Louisiana becomes first state to require the Ten Commandments to be displayed in public classrooms

Louisiana became the first state to require the Ten Commandments to be displayed in all public school classrooms, under a bill signed by the Republican government. Jeff Landry on Wednesday.

Legislation authored by the Republican Party mandates that a display of the Ten Commandments in poster format, in “large, easily readable print,” be required in all public classrooms, from kindergarten to publicly funded universities. Although the bill has not received final approval from Landry, the time for the governor’s action – signing or vetoing the bill – has expired.

Opponents question the constitutionality of the law, warning that legal action could follow. Supporters say the purpose of the measure is not solely religious, but that it has historical significance. In the language of the law, the Ten Commandments are described as “founding documents of our state and national government.”

The American Civil Liberties Union said Wednesday it is joining Americans United for Separation of Church and State and the Freedom from Religion Foundation in filing a lawsuit challenging Louisiana’s new law .

“The law violates the separation of church and state and is blatantly unconstitutional,” the groups said in a joint statement. “The First Amendment promises that we will all decide for ourselves what, if any, religious beliefs we should adopt and practice, without government pressure. Politicians do not have to impose their preferred religious doctrine on students and families in public schools. »

In April, State Sen. Royce Duplessis told CBS affiliate WWL-TV that he opposed the legislation.

“That’s why we have a separation of church and state,” said Duplessis, who is a Democrat. “We learned the Ten Commandments when we went to Sunday school. As I said on the Senate floor, if you want your children to learn the Ten Commandments, you can take them to church.”

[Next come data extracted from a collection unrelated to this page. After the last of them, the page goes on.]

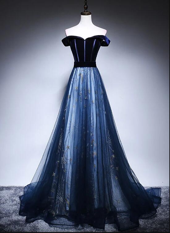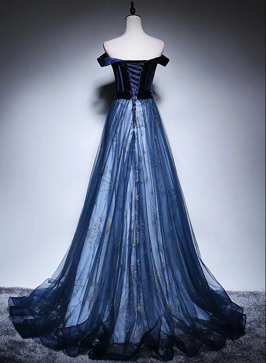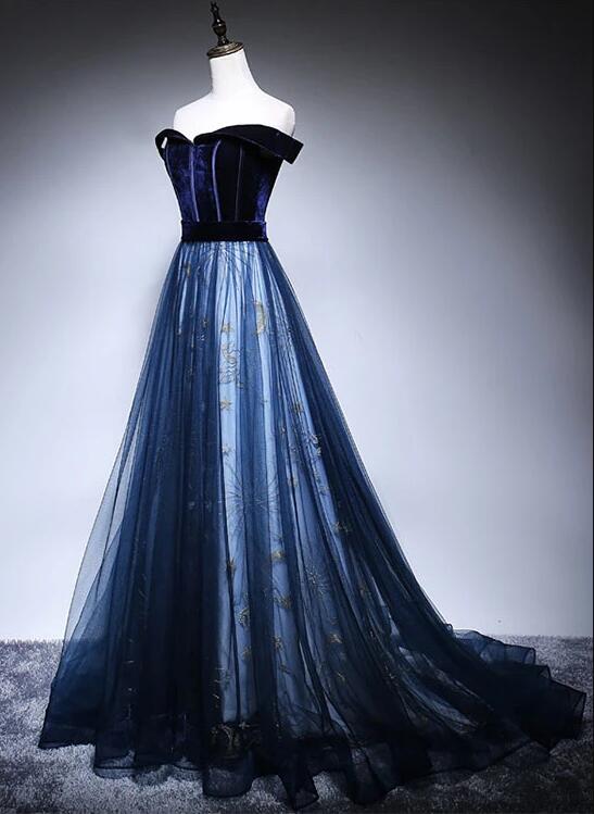 Lovely Blue Tulle and Velvet Long Party Dress, New Prom Dress
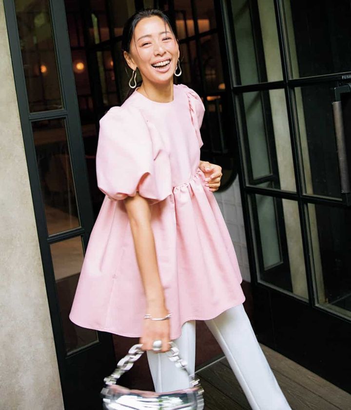 試着室の鏡に映る自分の姿にがく然…。思ったよりおデブだったショックを抱えて挑む同窓会。〝細見え〟より〝幸せ見え〟を目指して増量ボディもポジティブに変換。気になるお腹も二の腕もまあるく包むピンクのペプラムブラウスで多幸感たっぷりに♡ シルバー小物がトレンド感とキレをプラス。
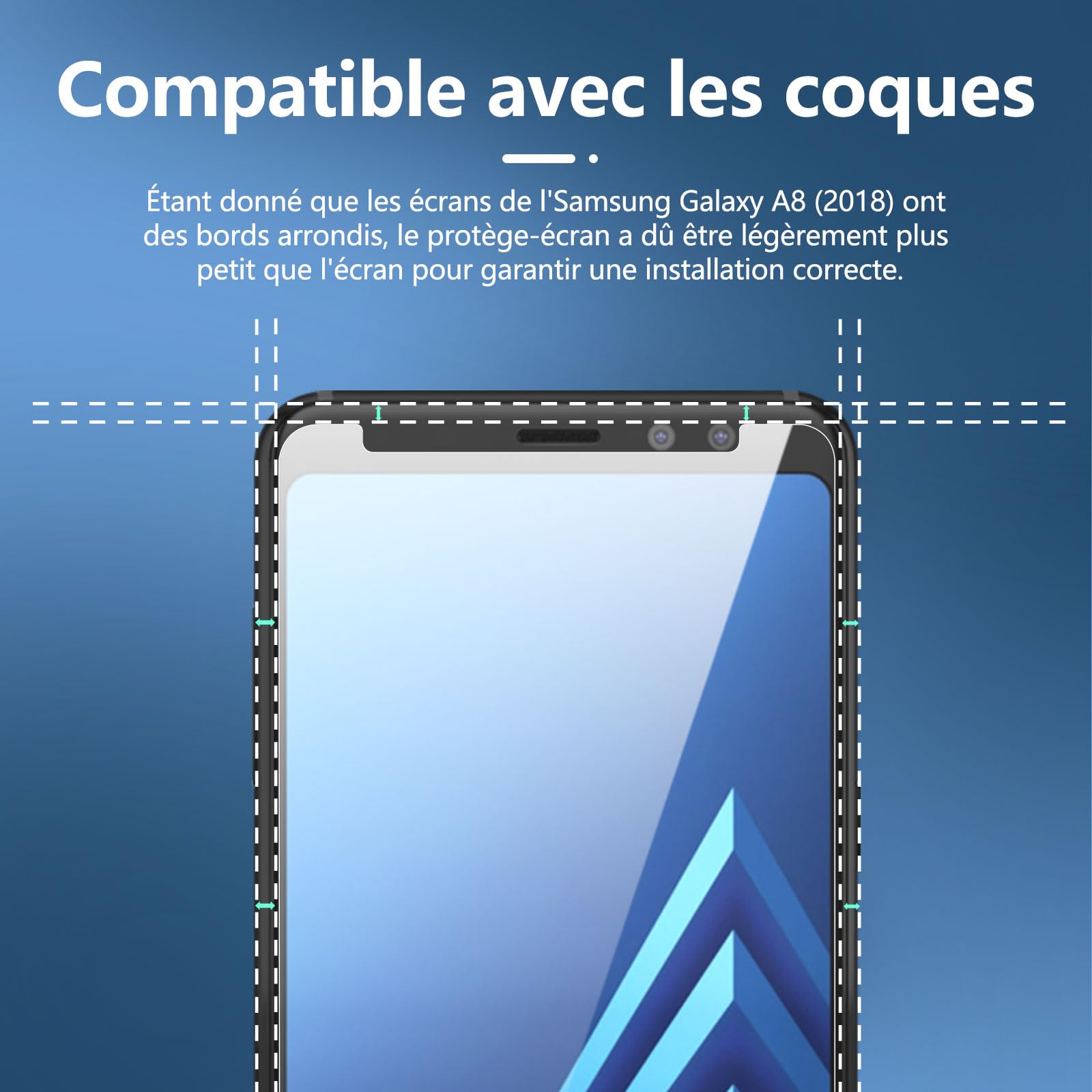 R : Oui, ce Protection d’écran Verre trempé Galaxy A8 (2018) est parfaitement compatible avec : Galaxy A8 (2018).

The displays, which will be paired with a “four-paragraph contextual statement describing” how the Ten Commandments “have been an important part of American public education for nearly three centuries,” are to be installed in classrooms by early 2025.

The posters would be financed through donations. Public funds will not be used to implement the mandate, based on the wording of the legislation.

The law also “permits” – but does not require – the display of the Mayflower Compact, the Declaration of Independence, and the Northwest Ordinance in K-12 public schools.

State House Representative Dodie Horton authored the bill. In April, she defended it in the House, saying the Ten Commandments provide the basis for all laws in Louisiana, WWL-TV reported.

“I hope and pray that Louisiana will be the first state to allow the moral code to return to classrooms,” Horton said. “Since I was in kindergarten [at a private school], it was still on the wall. I learned that God existed and I knew to honor Him and His laws.

Similar bills requiring the Ten Commandments to be displayed in classrooms have been proposed in other states, including Texas, Oklahoma and Utah. However, facing threats of legal battles over the constitutionality of such measures, no state other than Louisiana has succeeded in passing these bills.

Legal battles over displaying the Ten Commandments in classrooms are not new.

In 1980, the United States Supreme Court ruled that a similar Kentucky law was unconstitutional and violated the Establishment Clause of the U.S. Constitution, which states that Congress may “make no law respecting the establishment of a religion “. The High Court found that the law had no secular objective but rather served a clearly religious objective.

The controversial law in Louisiana, in a Bible Belt state, comes amid a new era of conservative leadership in the state under Landry, who replaced the two-term Democratic governor. John Bel Edwards in January.

The GOP also has a two-thirds supermajority in the Legislature, and Republicans hold every statewide elected office, paving the way for politicians to pass a conservative agenda during the legislative session that ended earlier this month.